== MATERIAL SHOWN ==
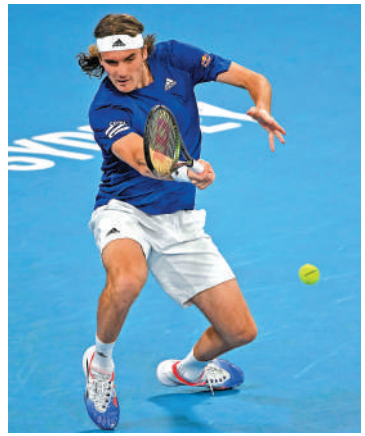
▲西西帕斯雖然男單贏波，惟無助希臘擊敗意大利。

【大公報訊】在澳洲舉行的聯合盃網球賽昨天繼續舉行第2場四強賽事，由希臘與意大利爭入決賽。前天領先總比數2:0的意大利受到希臘反擊，希臘男單好手西西帕斯於第3場賽事以盤數2:1反勝貝列天尼而扳回1:2，但意大利之後在關鍵的第4場女單中取得勝利，領先3:1鎖定勝局，意大利終以4:1擊敗希臘，晉級決賽後將與美國爭奪冠軍。
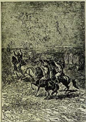
Մտածենք կրածքն ամառափորդներն:
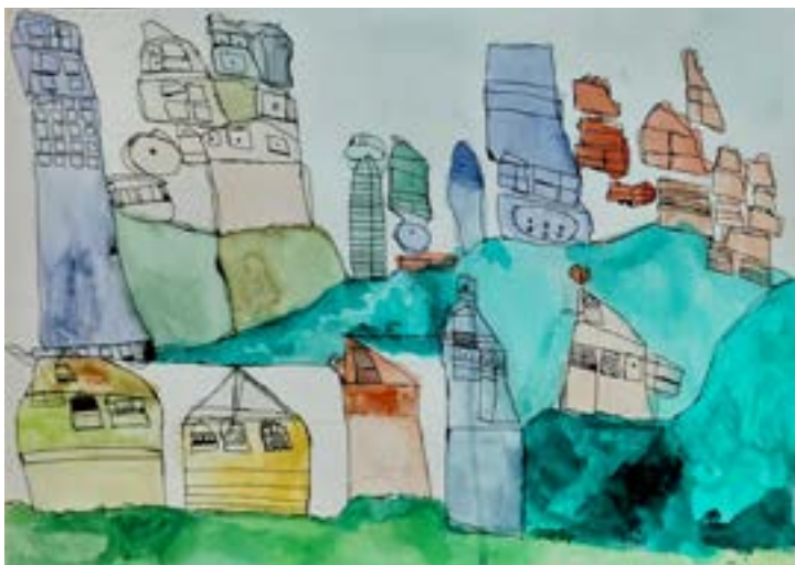
San Francisco Técnica mixta sobre papel 40 x 60 cm
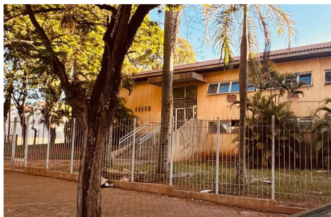
O novo local é estratégico para atendimento da população
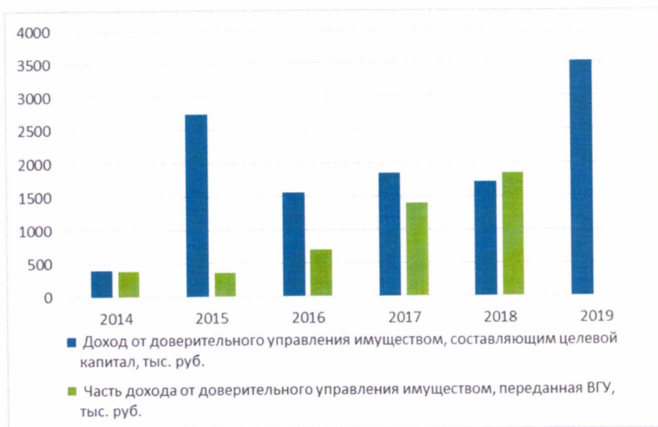
Использование дохода от целевого капитала в 2014-2019 гг.

В 2019 году доход от размещения целевого капитала не расходовался и не перечислялся учредителю. Доход от размещения целевого капитала эндаумент-фонда по итогам 2018 года был капитализирован.
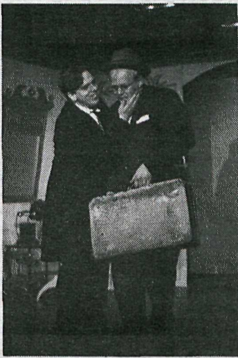
Litla leikfélagið í Garðinum:
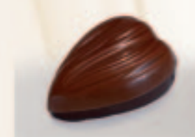
42 Cocos Praliné met gebrande coco's
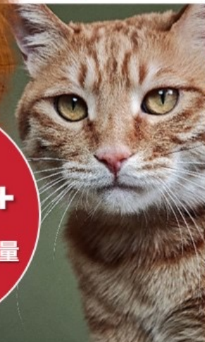
XIBOMI 15 Ultra 70mm f/1.8 1/500s ISO640
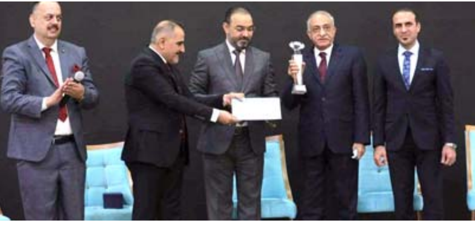
إحتفالية: جانب من إحتفالية المسار الرقمي

بغداد - الزمان يطبق مجلس إدارة المسار الرقمي العراقي برنامجاً يهدف إلى تطوير مهارات الشباب في المجال الرقمي، والذي يحمل شعار التحول الرقمي، والذي يتمثل بإحداث
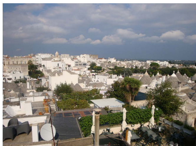
Vista de Alberobello (Italia) desde una terraza

El adjetivo excepcional está más próximo a la realidad que el adjetivo representativo , tanto para la ciudadanía en general, como para las personas e instituciones responsables de la gestión y la conservación de otros bienes con los que, aparentemente, se pudiesen tener puntos en común por su tipología, características o proximidad y con los que sería posible establecer posibles alianzas y sinergias. Son considerados bienes que están a otro nivel y, por tanto, con unas características muy particulares al resto de bienes protegidos, de tal manera que no son tomados como referentes. La gestión y protección de bienes similares no inscritos queda totalmente ajena al no identificarse semejanzas. No son ejemplo porque no se considera que haya igualdad de condiciones. Más
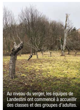
Au niveau du verger, les équipes de Landestini ont commencé à accueillir des classes et des groupes d'adultes.

En intégrant la superficie du verger, ce sont déjà presque 10 000 m 2 qui vont être mis en culture sur le site de la Ferme urbaine.
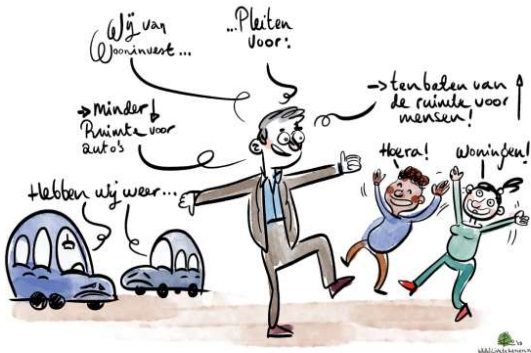
Afbeelding 15: Wens van WoonInvest
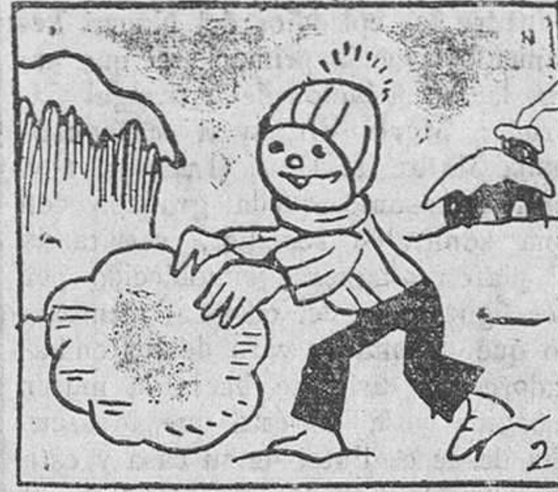
2. Su diversión favorita es fabricar grandes bolas de nieve, que luego arrastra gozoso.
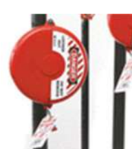
Bloqueio de válvulas
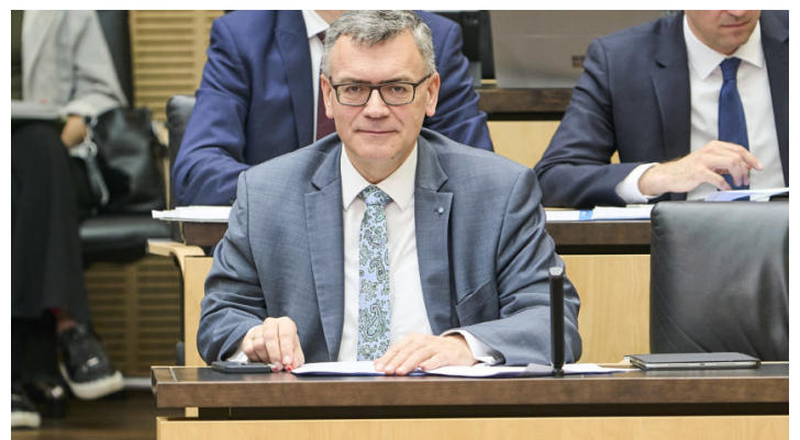
Sitzung des Bundesrates am 11. April 2025
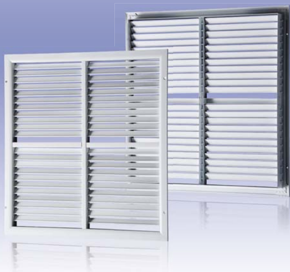
Однорядная секционная вентиляционная решетка с регулируемыми направляющими воздушного потока
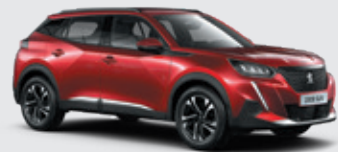
ELIXIR RED | VHM5 | אדום מטאלי
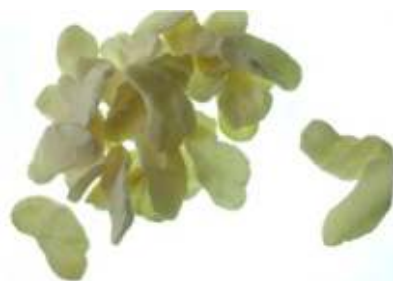
Tableau de bord matières premières « caoutchouc »

Les données ci-dessus sont présentées en base 100 = janvier 2009.
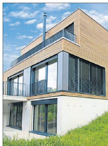
CASA-VITA® überzeugt mit professioneller Planung und Ausführung im Holzbau.

An herrlicher Hanglage in Uznach baute CASA-VITA®/Frefel Holzbau AG im Kundenauftrag ein 6½-Zimmer-Haus. Dieses wird «Am Abend der offenen Tür» vom Donnerstag, 13. August, der interessierten Öffentlichkeit zugänglich gemacht.
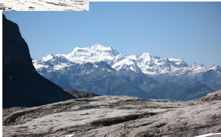
Le Grand Combin
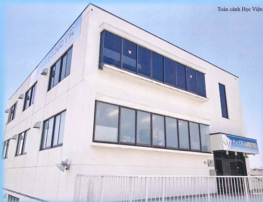
Toàn cảnh Học Viện
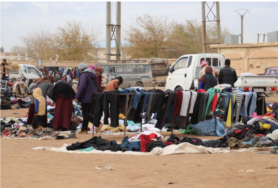
سوق الثلاثاء الشعبي في ناحية جل آغا، يتوافد إليه الناس من محيط الناحية وبلداتها وقراها وذلك بسبب بساطته وأسعاره المناسبة. فتكتظ ناحية جل آغا في كل يوم لثلاثاء بالناس والسيارات الوافدين إلى سوقها الشعبي منذ أكثر من 30 عاماً.

« كيلو بألف»... ريانة يا بندورة» «كل قطعة بخمسة آلاف يا بلاش». عبارات تعود على سماعها الناس القادمون للتبضع في سوق الثلاثاء في ناحية جل آغا، بمطبات منتشرة على مرآة العين بالقرب من دوار الترافيك في الناحية، منها لبيع الخضار والفاكهة، وأخرى لبيع الملابس وهناك من يعرض الأدوات المنزلية فتجد في هذا السوق مستلزمات كافة، الباعة في هذا السوق ليسوا فقط من سكان الناحية، بل منهم من يقدم من مناطق بعيدة مثل قاشلو، وترته سبيه لبيع وعرض بضائعهم ففرصة البيع هنا أكثر حظاً، وذلك بسبب عدد الزبائن الكبير.
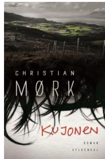
(/boeger/kujonen) KUJONEN (/BOEGER/KUJONEN) Af Christian Mørk
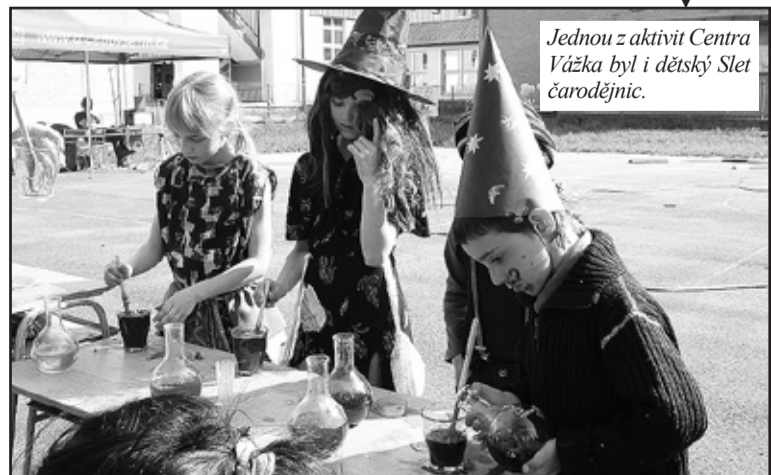
Jednou z aktivit Centra Vážka byl i dětský Slet čarodějnic.
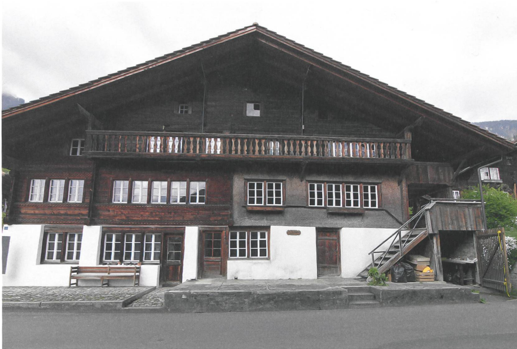
Abb. 1: Brienz, Oberdorfstrasse 92. Strassen- seite des zweigeteilten alpinen Blockbaus mit der Stubenzone im hoch gelegenen Erdgeschoss, darunter das gemauerte ebenerdige Kellerge- schoss und darüber das Dachgeschoss mit den Gadenkammern. Blick nach Norden.

Seit 1982 hat die Geigenbauschule Brienz ihren Sitz an der Oberdorfstrasse 94. Der westliche Hausteil des hier vorgestellten traditionellen Berner Oberländer Hauses (Abb. 1) war bereits 1984 für die Schulnutzung saniert und weitgehend entkernt worden. Die damaligen Umbauten erfolgten ohne wissenschaftliche Begleitung. Um die Schulgebäude den gestiegenen Anforderungen anzupassen, sollte im Rahmen eines grundlegenden Umbaus der gesamten Liegenschaft der bislang noch als Wohnhaus genutzte östliche Hausteil, Oberdorfstrasse 92, in die Nutzung einbezogen werden. Von Beginn an wurden diesmal die Planungen und Bauarbeiten bauarchäologisch betreut. Damit konnte erstmals ein Gebäude des in Brienz noch reichlich erhaltenen spätmittelalterlich-frühneuzeitlichen Baubestands eingehend durch den Archäologischen Dienst des Kantons Bern erforscht werden. Die Untersuchungen führten 2016/17 zu erstaunlichen Ergebnissen zur Bau- und Nut-
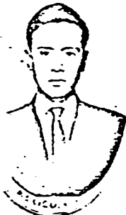
Escuela Primaria de ABRAHAM GONZALEZ MATUTINA CA. Juárez, Chih.
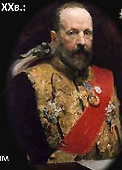
С.Ю Витте – министр финансов РИ
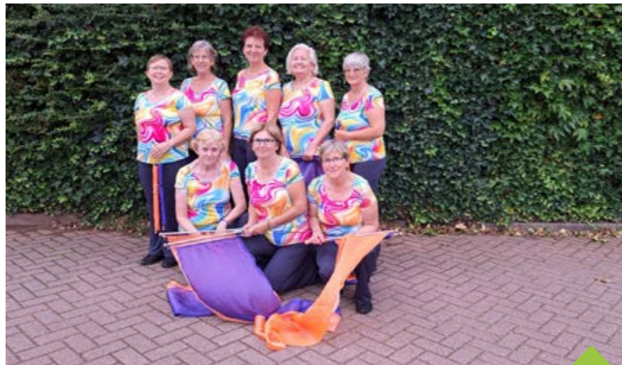
Členky oddílu Sport pro všechny na Gymnaestrádě
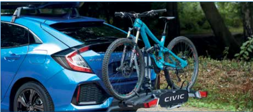
מתקן לאופניים - לדגם 1.0 ל' בלבד
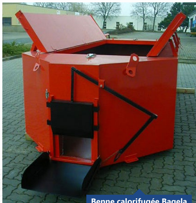
Benne calorifugée Bagela

La température extérieure peut influencer cette courbe. La quantité d'enrobé représente 90% du volume de la benne.
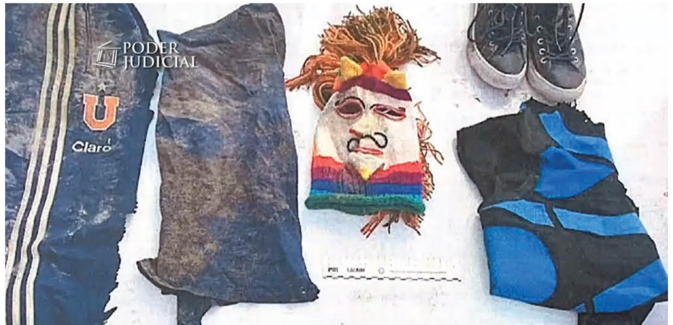
EN LA AUDIENCIA se mostraron las pertenencias del joven, dando cuenta de que en la mochila sólo tenía ropas y una máscara para gas.

Con todo, descartó que existan argumentos suficientes para “aplicar la medida tan gravosa como la prisión preventiva; esta parte considera que pue-
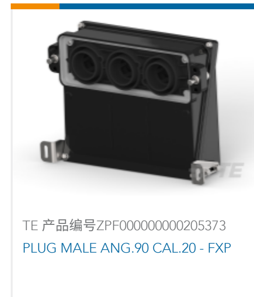
TE 产品编号ZPF000000000205373 PLUG MALE ANG.90 CAL.20 - FXP
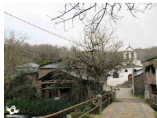
San Cristovo do Real Lugo
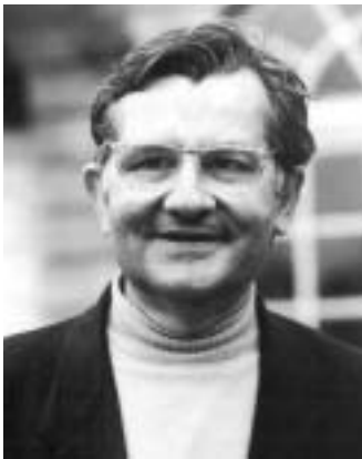
Jean-Marie PELT, Président de l’Institut Européen d’Ecologie, Professeur Emérite de l’Université de Metz

Pour parrainer ces Rencontres, il fallait donc un homme dont la renommée d’écologiste et de naturaliste n’est plus à prouver : Jean-Marie PELT .
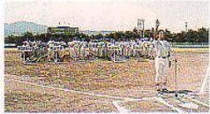
注: 法政大学経営学部教授 野球部長として「尽力いただきました」
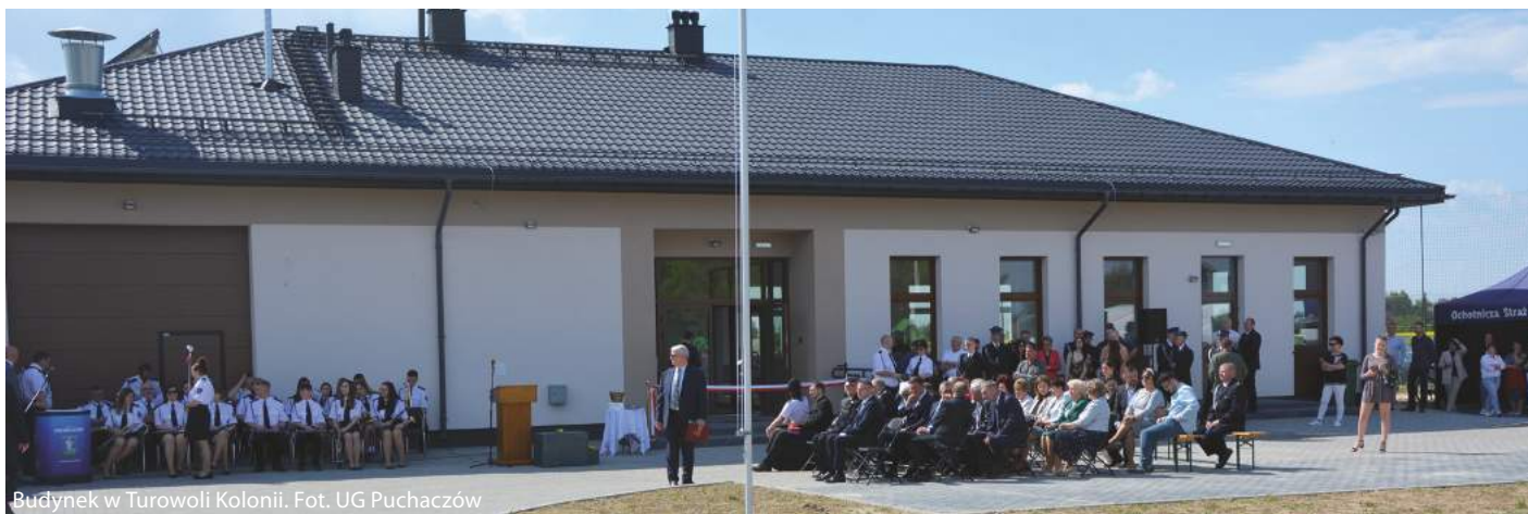
Budynek w Turowoli Kolonii.

W ciągu ostatnich pięciu lat na zakup i montaż ogniw fotowoltaicznych, pomp ciepła, kotłów ekologicznych przeznaczono w gminie ponad 1,1 mln zł, a wydatki na ochronę powietrza i klimatu pochłonęły ponad 10,3 mln zł, czyli 1805 zł w przeliczeniu na mieszkańca.

== WORK TASK ==
Find the word "Marie" in the entries, then copy out every line that has it.

== OUTPUT FOR THIS EXERCISE ==
Jean-Marie PELT, Président de l’Institut Européen d’Ecologie, Professeur Emérite de l’Université de Metz
Pour parrainer ces Rencontres, il fallait donc un homme dont la renommée d’écologiste et de naturaliste n’est plus à prouver : Jean-Marie PELT .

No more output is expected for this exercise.